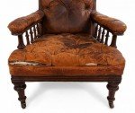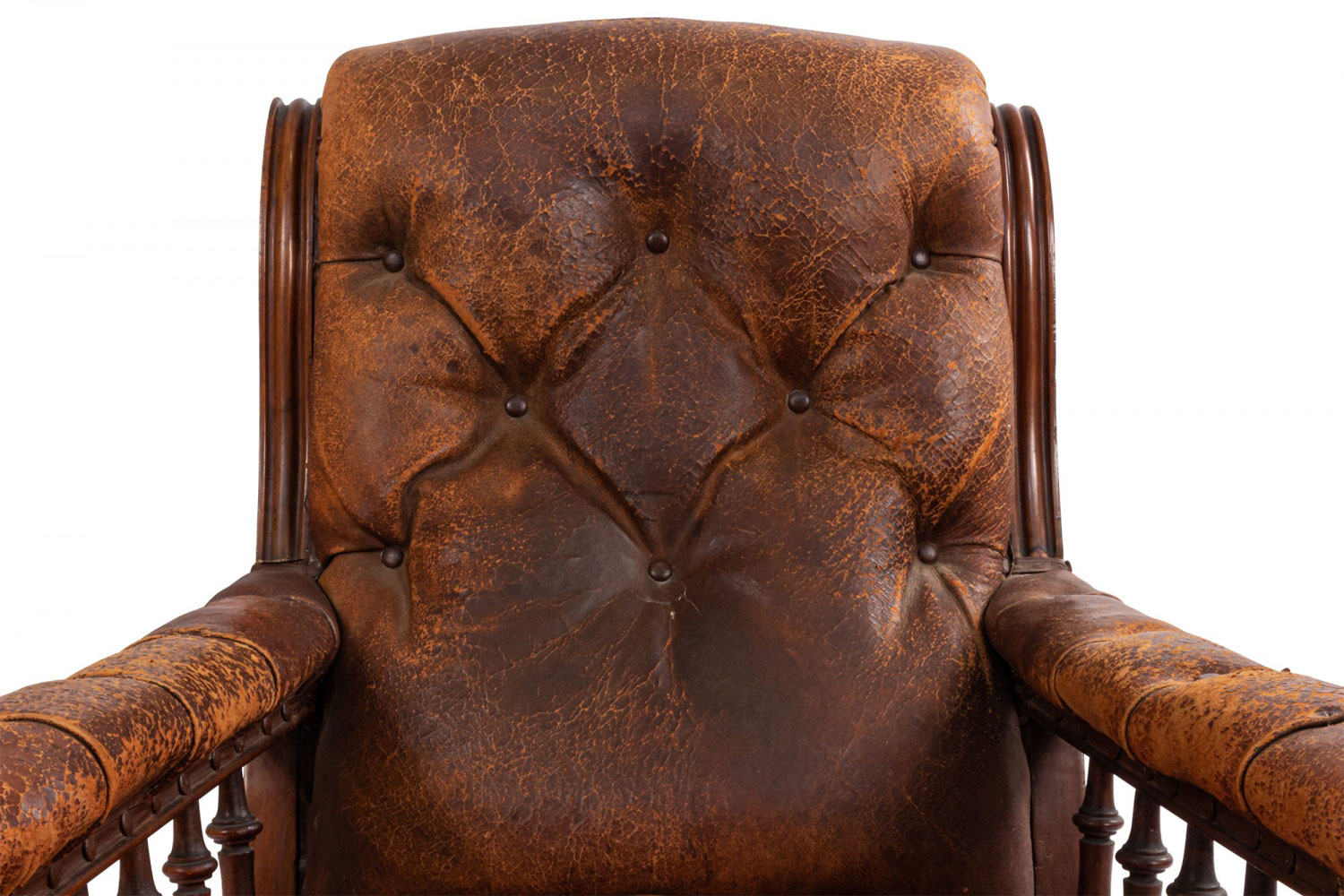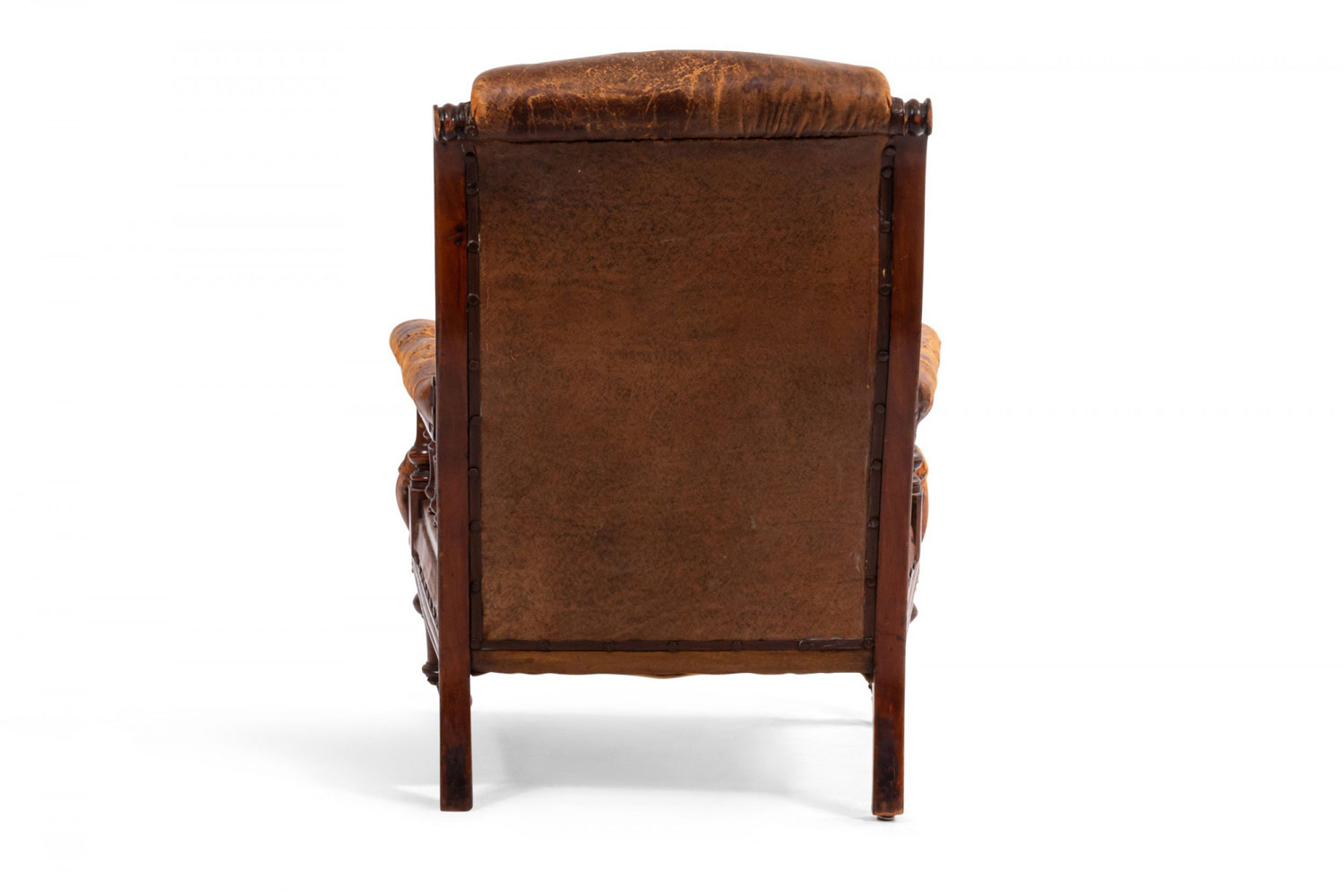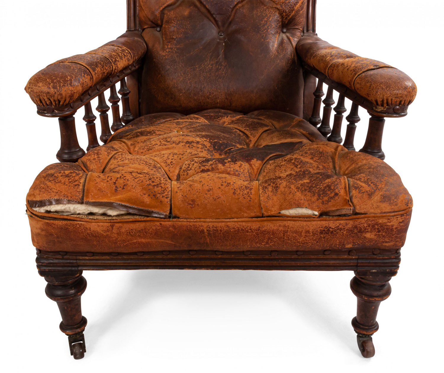 Style: English Materials & Techniques: Mahogany, leather, tufted Category: Seating Condition: Antique condition, leather is cracking/aged.
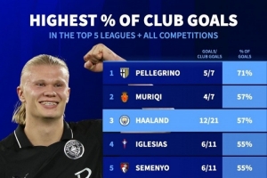 體育資訊10月7日訊 德國轉會市場統(tǒng)計了本賽季球員進球占比,哈蘭德攻入曼城57%的進球,占比并列第二高,姆巴佩54%、凱恩47%。
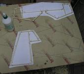 Что касается крашеустойчивости, то у меня основным силовым элементом конструкции фюзеляжа является горизонтальная платформа из коропласта (сотовый полипропилен) 3 мм с вырезами где нужно. Она упирается в моторный шпангоут и доходит до задней кромки крыла. Далее ее срединная часть вырезана и оставлены как-бы две длинные ножки-рейки. Они сводятся вместе к хвосту. Такая же пластина, поставленная на ребро, является центральным силовым лонжероном крыла. Удельный вес пластины из коропласта вдвое меньше дерева и при ударе она не ломается.
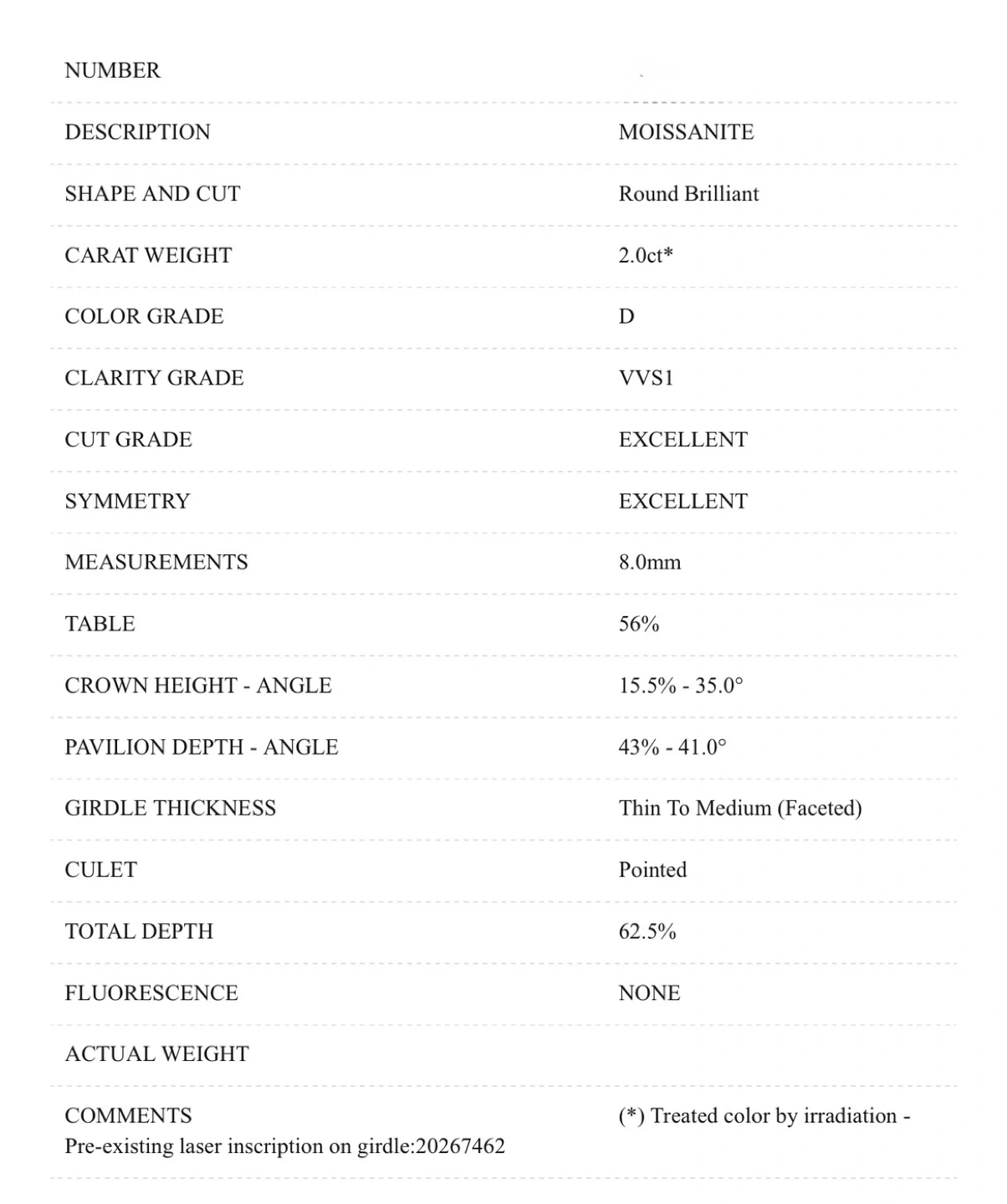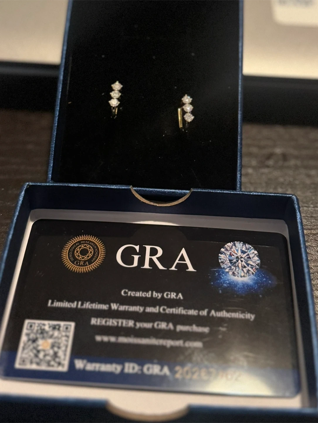 Selling a pair of new GRA moissanite diamond earrings! They're round brilliant cut, with a carat weight of 2.0ct each. The colour grade is D and the clarity grade is VVS1. They come with a limited lifetime warranty and a certificate of authenticity, plus the original box
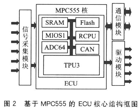 针对当前ECU开发技术的发展,研制过程中,ECU硬件采用.Motorola高性能32位Power PC微控制器——MPC555。MPC555主要有以下功能模块;
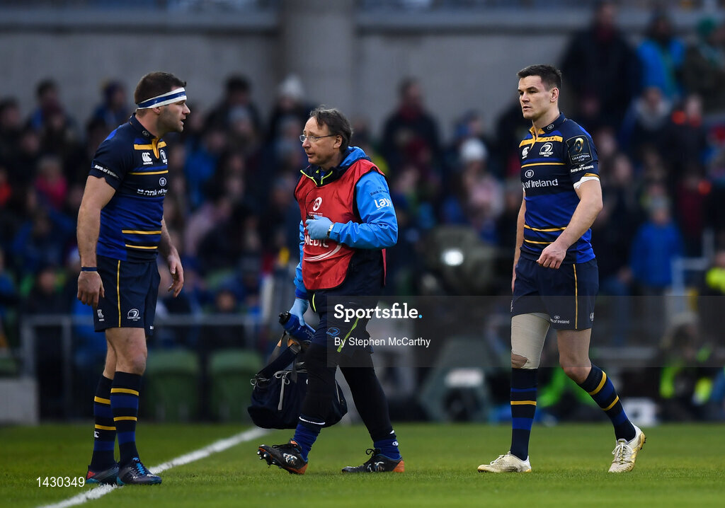 16 December 2017; Jonathan Sexton of Leinster leaves the pitch for a HIA during the European Rugby Champions Cup Pool 3 Round 4 match between Leinster and Exeter Chiefs at the Aviva Stadium in Dublin. Photo by Stephen McCarthy/Sportsfile
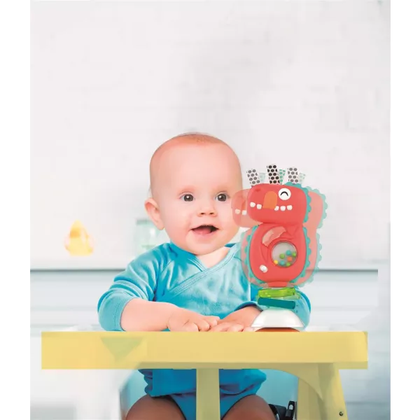 A cuki dinócska formájú csörgő, az akasztó segítségével a babakocsira vagy a kiságyra is rögzíthető, de akár az asztalra is letehető stabil talpának köszönhetően. A csörgő hang- és fényhatásokkal rendelkezik, amelyek a játék lenyomásával aktiválhatók. A csörgőn 2 darab színes, mozgatható gyűrű is található.
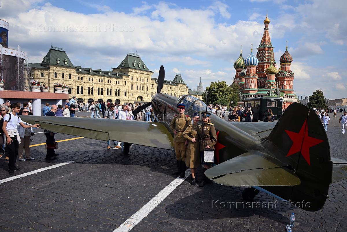 Иммерсивный музей под открытым небом, посвященный 80-летию Парада Победы, на Красной площади. Самолет времен Великой Отечественной войны в музее.
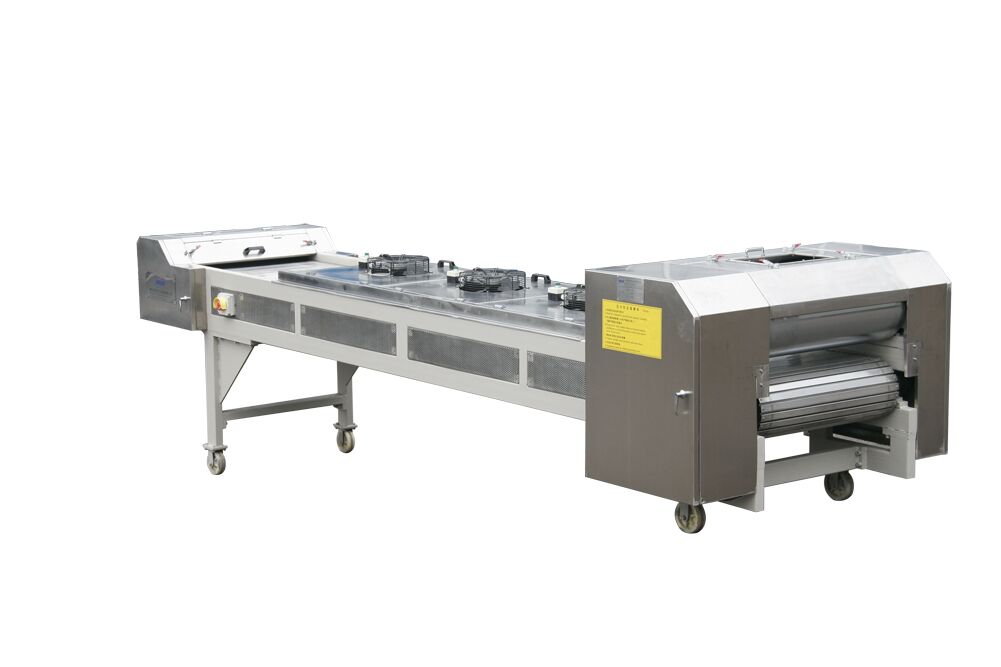 不銹鋼帶冷卻壓片機(jī)由壓輥、不銹鋼鏈板、破碎輥和行走機(jī)構(gòu)組成。擠出機(jī)擠出的熱熔狀態(tài)物料經(jīng)壓輥壓成1-1.5mm厚的帶狀物。壓輥采用水冷卻。物料在輸送過程中用吹風(fēng)機(jī)吹風(fēng),繼續(xù)將物料冷卻成固態(tài),破碎成片狀物料落入料斗。
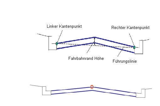Der Dachprofilpunkt (Versatz) befindet sich auf halber Länge zwischen dem linken und rechten Rand des Fahrbahnbelags.
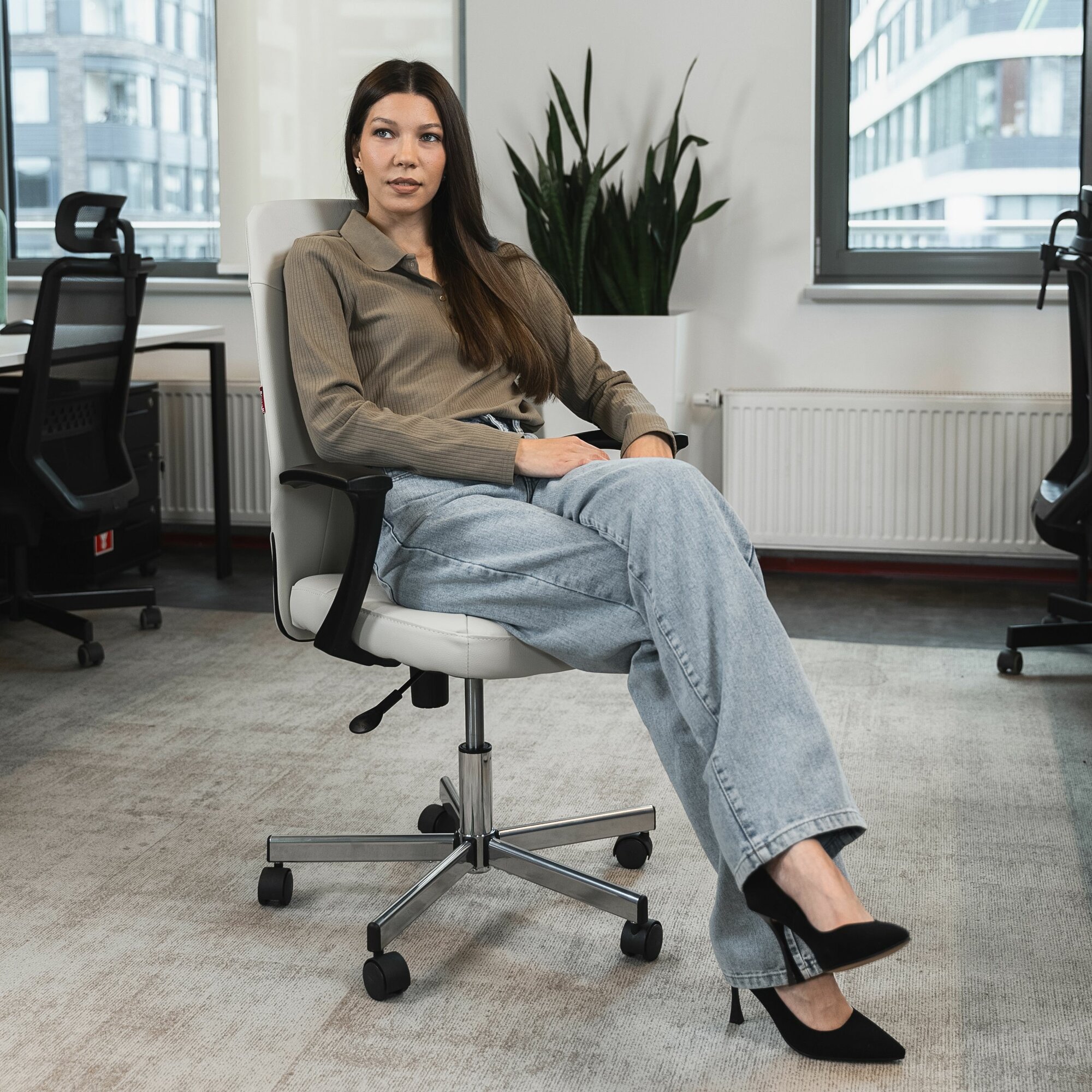 Купить Кресло компьютерное Easy Chair 224, офисный стул на колесиках, искусственная кожа, бежевый
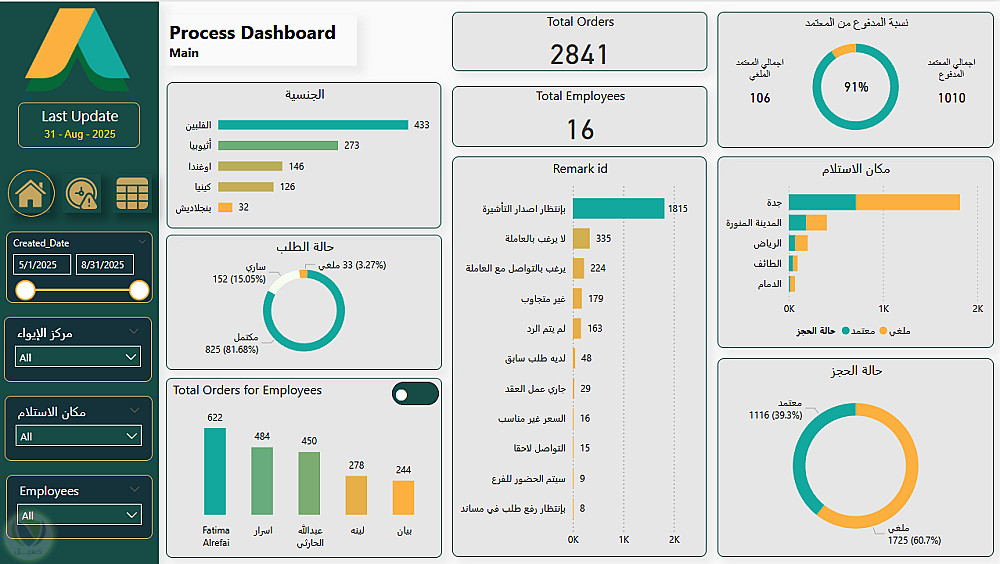 تمت عملية التحليل علي مستوي نسب حالة الطلب المعتمد والملغي والساري

=====

What you have to do: In your reply, please print exactly the lines from the one with "Иммерсивный музей под" through the final line of the listing above, both included, and no pictures.

Your solution:
 Иммерсивный музей под открытым небом, посвященный 80-летию Парада Победы, на Красной площади. Самолет времен Великой Отечественной войны в музее.
 不銹鋼帶冷卻壓片機(jī)由壓輥、不銹鋼鏈板、破碎輥和行走機(jī)構(gòu)組成。擠出機(jī)擠出的熱熔狀態(tài)物料經(jīng)壓輥壓成1-1.5mm厚的帶狀物。壓輥采用水冷卻。物料在輸送過程中用吹風(fēng)機(jī)吹風(fēng),繼續(xù)將物料冷卻成固態(tài),破碎成片狀物料落入料斗。
Der Dachprofilpunkt (Versatz) befindet sich auf halber Länge zwischen dem linken und rechten Rand des Fahrbahnbelags.
 Купить Кресло компьютерное Easy Chair 224, офисный стул на колесиках, искусственная кожа, бежевый
 تمت عملية التحليل علي مستوي نسب حالة الطلب المعتمد والملغي والساري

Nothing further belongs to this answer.